Work item: Please print every record below exactly as written, leaving out the pictures.

Data extracts:

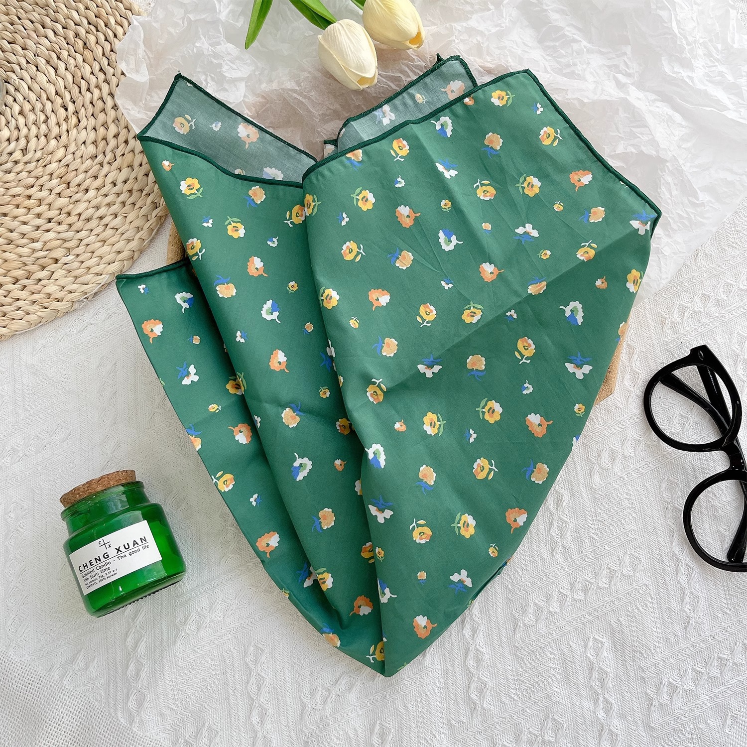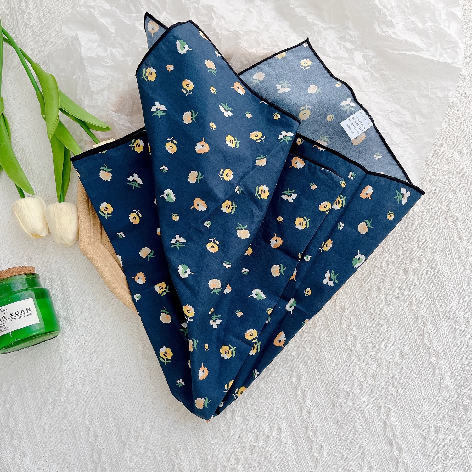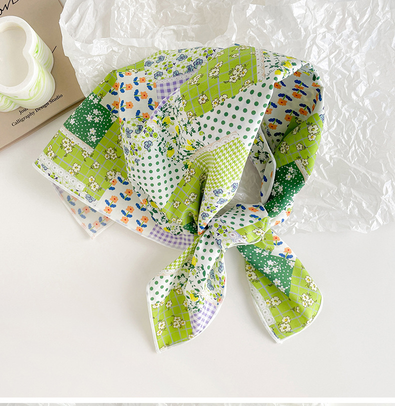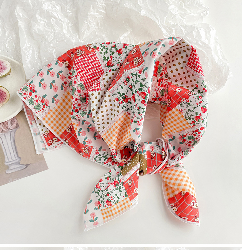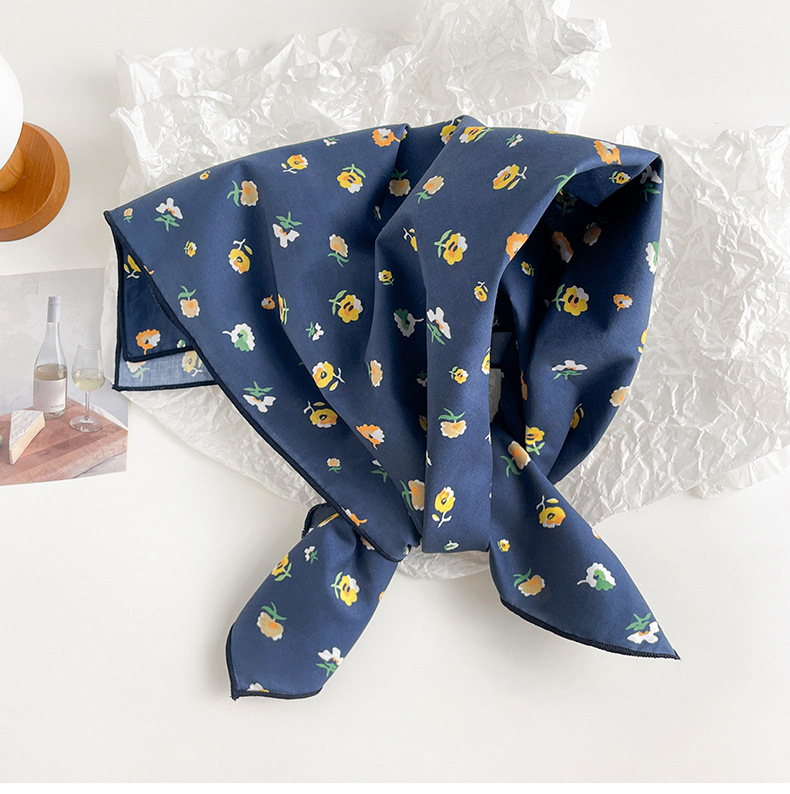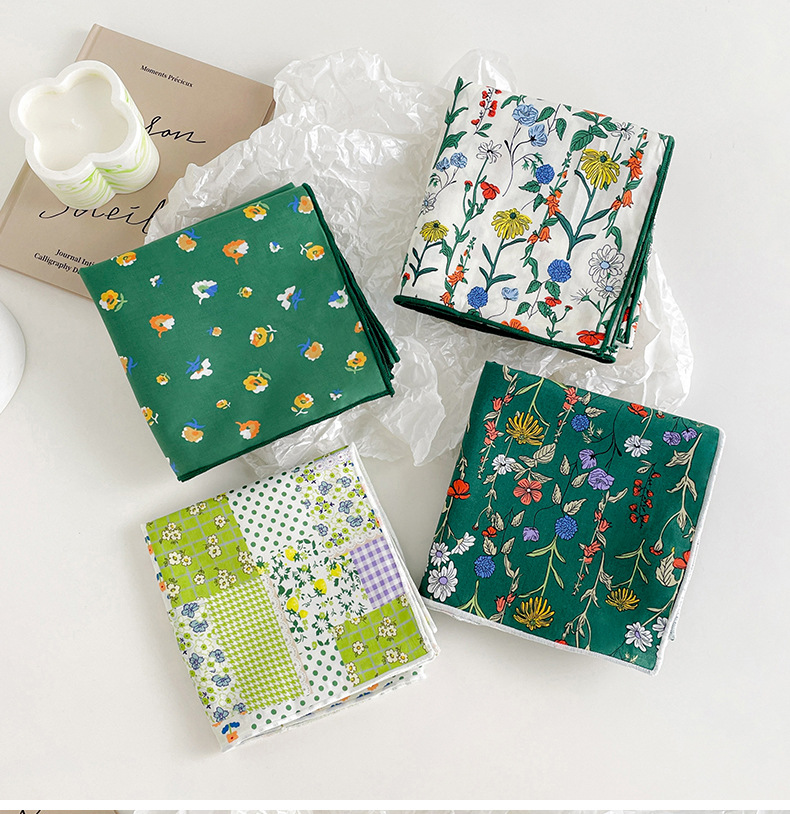 작은 꽃무늬 한국 스타일 봄 여름 신상 순면 작은 사각 스카프, 여성용 머리 스카프, 목 스카프, 얇은 스카프
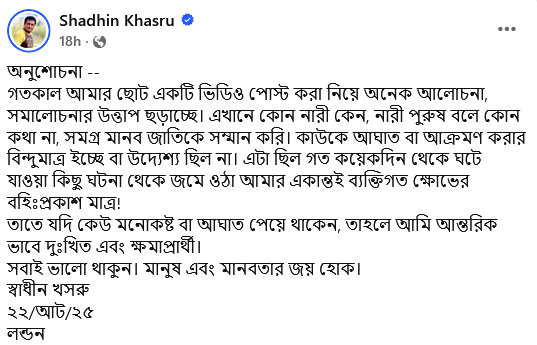 পোস্টে তিনি লেখেন, গতকাল আমার ছোট একটি ভিডিও পোস্ট করা নিয়ে অনেক আলোচনা-সমালোচনার উত্তাপ ছড়াচ্ছে। এখানে কোনো নারী কেন, নারী-পুরুষ বলে কোনো কথা না, আমি সমগ্র মানব জাতিকে সম্মান করি। কাউকে আঘাত বা আক্রমণ করার বিন্দুমাত্র ইচ্ছে বা উদ্দেশ্য ছিল না।
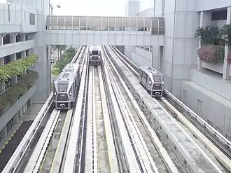Changi Airport is the terminus of the East-West line of the Mass Rapid Transit (MRT) rail system. While cheap, the MRT is aimed squarely at commuters: there are no express services; the trains are regular metro trains without baggage storage (although many of the train sets have handrails installed in place of seats in order to accommodate more standing passengers with luggage), and can get quite crowded during rush hour (mornings towards the city, evenings towards the airport). But if you're not in a rush, don't have too much luggage or are staying near a station, the train can still be worthwhile.
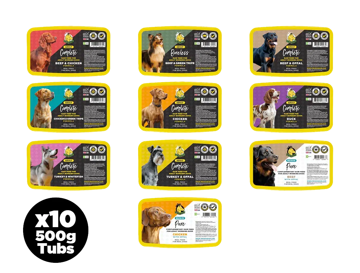 An assortment of our delicious and nutritious raw dog food meals, in a convenient 5kg pack (Economy Core pack is 4.5kg). Choose from Adult, Puppy, 80:10:10, Economy Core or Sensitivity Support. The varied range of meals in our sample packs allows you and your canine companion to easily experience a variety of our raw food options.Â
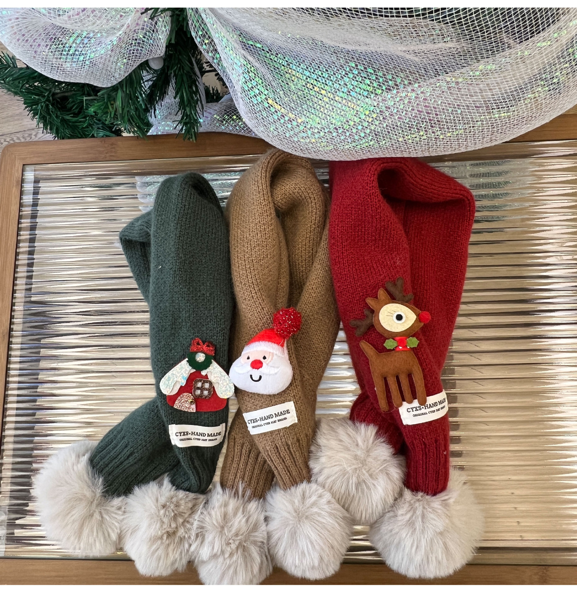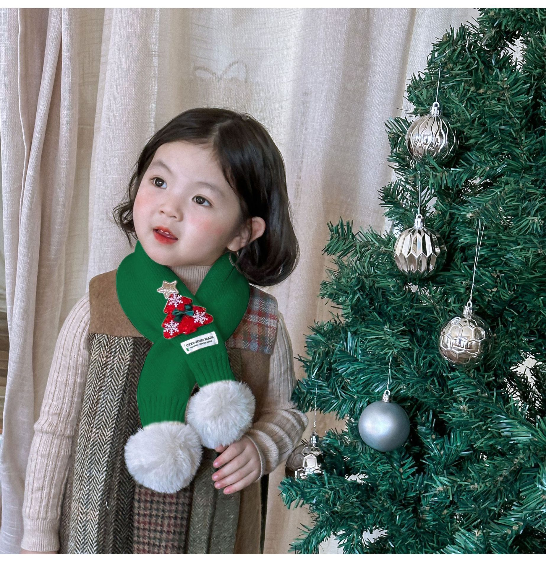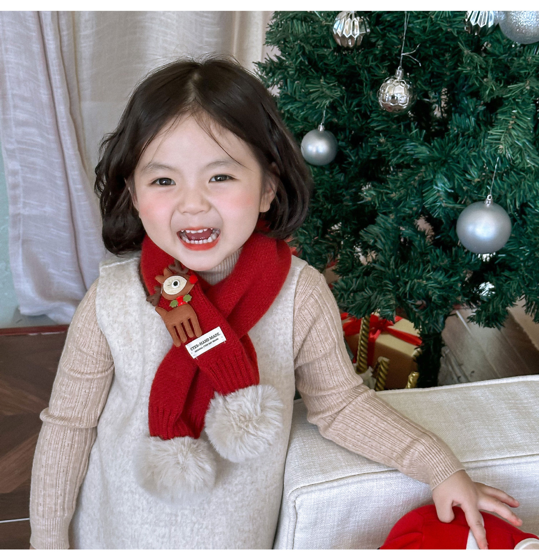 クリスマスの子供のマフラーは秋冬の洋風毛玉保温ニットの赤ちゃんが首を囲んで祝日の赤い男女のマフラーです。
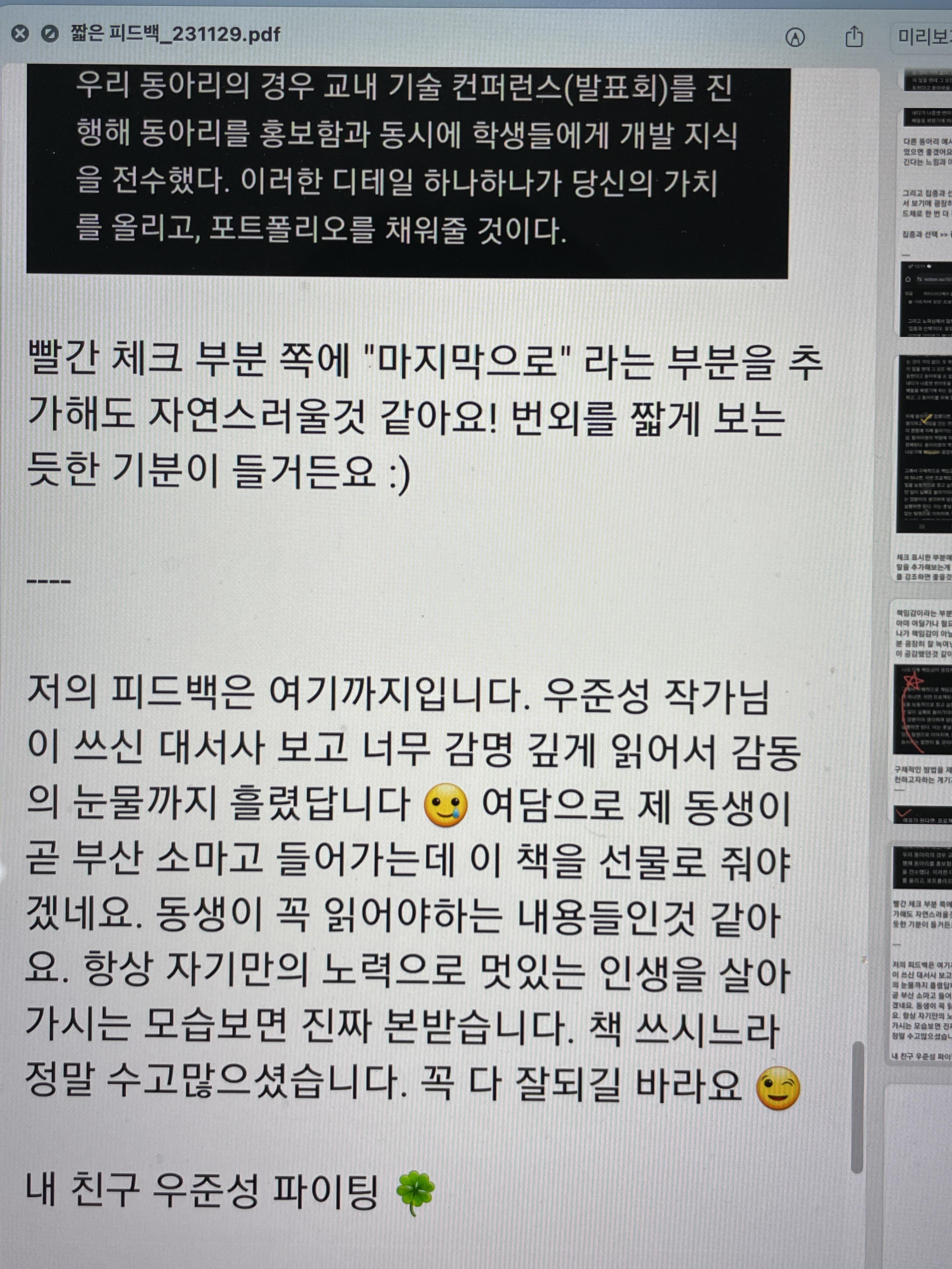 이 과정을 성공적으로 마무리한 것은 바쁜 와중에 '전자책 출간'이라는 목표를 세우고 끝까지 밀고 나간 내 노력도 있지만, 주변 사람들의 도움이 없었으면 이 책은 세상에 나오지 않았을 것이다. 전자책에 관한 아이디어를 막 떠올렸을 때 구체적인 전자책 관련 정보를 주신 박의혁 앙트너님, 포기하고 싶을 때 끊임없이 열정을 심어준 김민성 동기, 적극적이고 예리한 피드백을 주고 책 표지를 같이 고민해 준 전아현 선배, 휴식이 필요할 때 같이 산책하며 책의 단가, 수요, 내용 등에 대해 기꺼이 피드백을 해준 임재청 동기, 바쁜 와중에 전자책 표지 디자인을 트렌디하게 뽑아준 김영성 동기, 책 내지 디자인과 구매 상세페이지 디자인을 전적으로 도와준 정은서 동기, 초반 목차 구성과 본문 피드백에서 도움을 준 이지민 후배, 깊고 알찬 피드백을 준 심미진 동기, 그리고 차마 언급하지 못한 곁에서 응원해 준 선배들, 동기들, 후배들, 지인들 모두 진심으로 감사한다. 언젠가 꼭 크게 보답해야 한다!
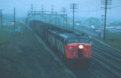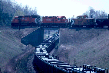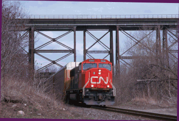 BEARE - East of Toronto Yard, the Belleville Sub crosses over the CN York Sub at Beare Road. This spot is at the upper end of Meadowvale Road, northeast of the Metro Toronto Zoo. Take Meadowvale north to its end at Plug Hat Road, then go east on Plug Hat Road, then go south on Beare Road to the CP tracks. There is room to park on the dirt trails on either side of the CN line. The bridge is a short walk from the road. This area is not patrolled frequently, but stay well back from the tracks in any event. While relatively crime-free, this area is secluded and attracts a fair amount of after-dark activity, mostly teenage partying and amour. Use caution in the wee hours.
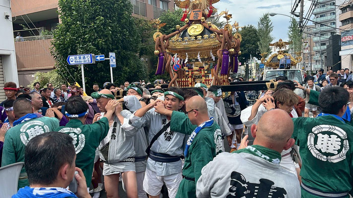 14日は、八幡大神社の「一之宮」の宮出し。「二ノ宮」の宮入に参加。町会神輿の町内巡行も行いました。
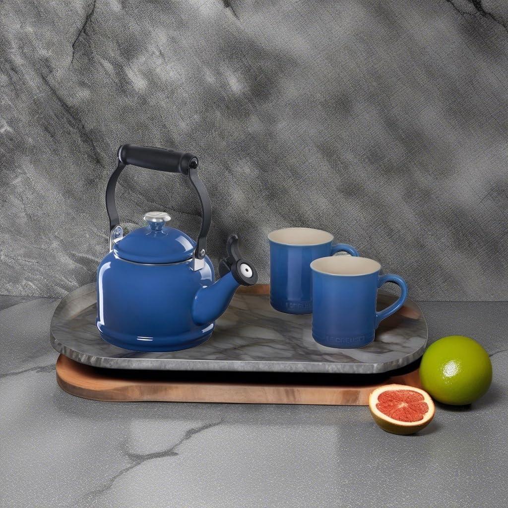 The Demi Kettle and Mug Set pairs our petite enamel on steel kettle with a charming set of matching stoneware mugs. The kettle is crafted from fast-heating premium carbon steel to rapidly bring water to a boil, and a fixed single-tone whistle alerts when the water is ready. Serve your favorite beverage in the perfectly color coordinated mugs – the generous 14-ounce capacity keeps contents warm or cold and is finished with a vibrant glaze which is easy to clean, dishwasher-safe, and resistant to chips, scratches and stains. The beautiful set makes an excellent gift for weddings, showers, parents, or any tea or coffee lover.

Your response:
 작은 꽃무늬 한국 스타일 봄 여름 신상 순면 작은 사각 스카프, 여성용 머리 스카프, 목 스카프, 얇은 스카프
 পোস্টে তিনি লেখেন, গতকাল আমার ছোট একটি ভিডিও পোস্ট করা নিয়ে অনেক আলোচনা-সমালোচনার উত্তাপ ছড়াচ্ছে। এখানে কোনো নারী কেন, নারী-পুরুষ বলে কোনো কথা না, আমি সমগ্র মানব জাতিকে সম্মান করি। কাউকে আঘাত বা আক্রমণ করার বিন্দুমাত্র ইচ্ছে বা উদ্দেশ্য ছিল না।
Changi Airport is the terminus of the East-West line of the Mass Rapid Transit (MRT) rail system. While cheap, the MRT is aimed squarely at commuters: there are no express services; the trains are regular metro trains without baggage storage (although many of the train sets have handrails installed in place of seats in order to accommodate more standing passengers with luggage), and can get quite crowded during rush hour (mornings towards the city, evenings towards the airport). But if you're not in a rush, don't have too much luggage or are staying near a station, the train can still be worthwhile.
 An assortment of our delicious and nutritious raw dog food meals, in a convenient 5kg pack (Economy Core pack is 4.5kg). Choose from Adult, Puppy, 80:10:10, Economy Core or Sensitivity Support. The varied range of meals in our sample packs allows you and your canine companion to easily experience a variety of our raw food options.Â
 クリスマスの子供のマフラーは秋冬の洋風毛玉保温ニットの赤ちゃんが首を囲んで祝日の赤い男女のマフラーです。
 이 과정을 성공적으로 마무리한 것은 바쁜 와중에 '전자책 출간'이라는 목표를 세우고 끝까지 밀고 나간 내 노력도 있지만, 주변 사람들의 도움이 없었으면 이 책은 세상에 나오지 않았을 것이다. 전자책에 관한 아이디어를 막 떠올렸을 때 구체적인 전자책 관련 정보를 주신 박의혁 앙트너님, 포기하고 싶을 때 끊임없이 열정을 심어준 김민성 동기, 적극적이고 예리한 피드백을 주고 책 표지를 같이 고민해 준 전아현 선배, 휴식이 필요할 때 같이 산책하며 책의 단가, 수요, 내용 등에 대해 기꺼이 피드백을 해준 임재청 동기, 바쁜 와중에 전자책 표지 디자인을 트렌디하게 뽑아준 김영성 동기, 책 내지 디자인과 구매 상세페이지 디자인을 전적으로 도와준 정은서 동기, 초반 목차 구성과 본문 피드백에서 도움을 준 이지민 후배, 깊고 알찬 피드백을 준 심미진 동기, 그리고 차마 언급하지 못한 곁에서 응원해 준 선배들, 동기들, 후배들, 지인들 모두 진심으로 감사한다. 언젠가 꼭 크게 보답해야 한다!
 BEARE - East of Toronto Yard, the Belleville Sub crosses over the CN York Sub at Beare Road. This spot is at the upper end of Meadowvale Road, northeast of the Metro Toronto Zoo. Take Meadowvale north to its end at Plug Hat Road, then go east on Plug Hat Road, then go south on Beare Road to the CP tracks. There is room to park on the dirt trails on either side of the CN line. The bridge is a short walk from the road. This area is not patrolled frequently, but stay well back from the tracks in any event. While relatively crime-free, this area is secluded and attracts a fair amount of after-dark activity, mostly teenage partying and amour. Use caution in the wee hours.
 14日は、八幡大神社の「一之宮」の宮出し。「二ノ宮」の宮入に参加。町会神輿の町内巡行も行いました。
 The Demi Kettle and Mug Set pairs our petite enamel on steel kettle with a charming set of matching stoneware mugs. The kettle is crafted from fast-heating premium carbon steel to rapidly bring water to a boil, and a fixed single-tone whistle alerts when the water is ready. Serve your favorite beverage in the perfectly color coordinated mugs – the generous 14-ounce capacity keeps contents warm or cold and is finished with a vibrant glaze which is easy to clean, dishwasher-safe, and resistant to chips, scratches and stains. The beautiful set makes an excellent gift for weddings, showers, parents, or any tea or coffee lover.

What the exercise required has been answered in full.